Here are the patient education articles that are relevant to this topic. We encourage you to print or email these topics to your patients. (You can also locate patient education articles on a variety of subjects by searching on "patient info" and the keyword(s) of interest.)

Basics topic (see "Patient education: Ebola (The Basics)")

SUMMARY

West Africa is comprised of Benin, Burkina Faso, Cape Verde, Côte d'Ivoire, Gambia, Ghana, Guinea, Guinea-Bissau, Liberia, Mali, Mauritania, Niger, Nigeria, Sao Tome and Principe, Senegal, Sierra Leone, and Togo. This region encompasses tropical rain forests in the west and south and desert areas in the north. (See 'Introduction' above.)

Malaria is a major risk for most travelers to West Africa. Endemic areas exist in all countries in this region. Except for Cape Verde, Plasmodium falciparum is the predominant cause of malaria, and chloroquine resistance is widespread. (See 'Malaria' above.)

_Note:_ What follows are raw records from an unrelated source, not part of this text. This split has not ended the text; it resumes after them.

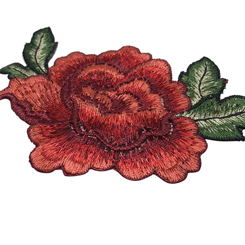 Hot 3D Floral Red Flower Floral Embroidery Patches Cloth Trim Applique Patch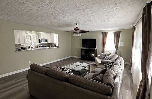 Welcome to our newly renovated 3-bedroom, 2-bathroom house, accommodating up to TEN guests. Tailored for trail riders and off-road enthusiasts. The spacious garage fits two cars. Enjoy the soothing creek and waterfall just 300 Feet away.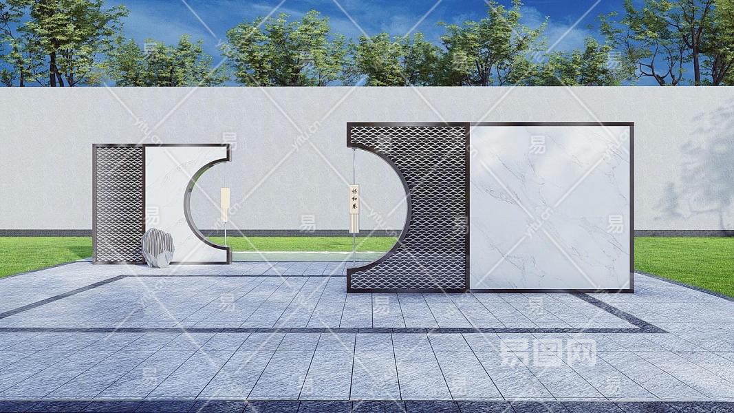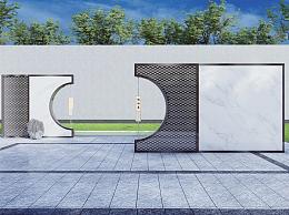 新中式景墙围墙 假山 片石 山纹 水景 雕塑 月洞门 格栅

Other arthropod-borne diseases include yellow fever, dengue, African trypanosomiasis, onchocerciasis, and rickettsioses. Other viral hemorrhagic fevers include Ebola virus, Lassa fever, and Crimean-Congo hemorrhagic fever. (See 'Arthropod-borne diseases' above.)

Foodborne and waterborne diseases include travelers’ diarrhea, cholera, typhoid, hepatitis A, hepatitis E, poliomyelitis, schistosomiasis, paragonimiasis, dracunculiasis, and echinococcosis. (See 'Foodborne and waterborne diseases' above.)

Other infections include meningococcal disease, HIV infection and other sexually transmitted diseases, hepatitis B, hepatitis C, rabies, and tuberculosis. (See 'Other infections' above.)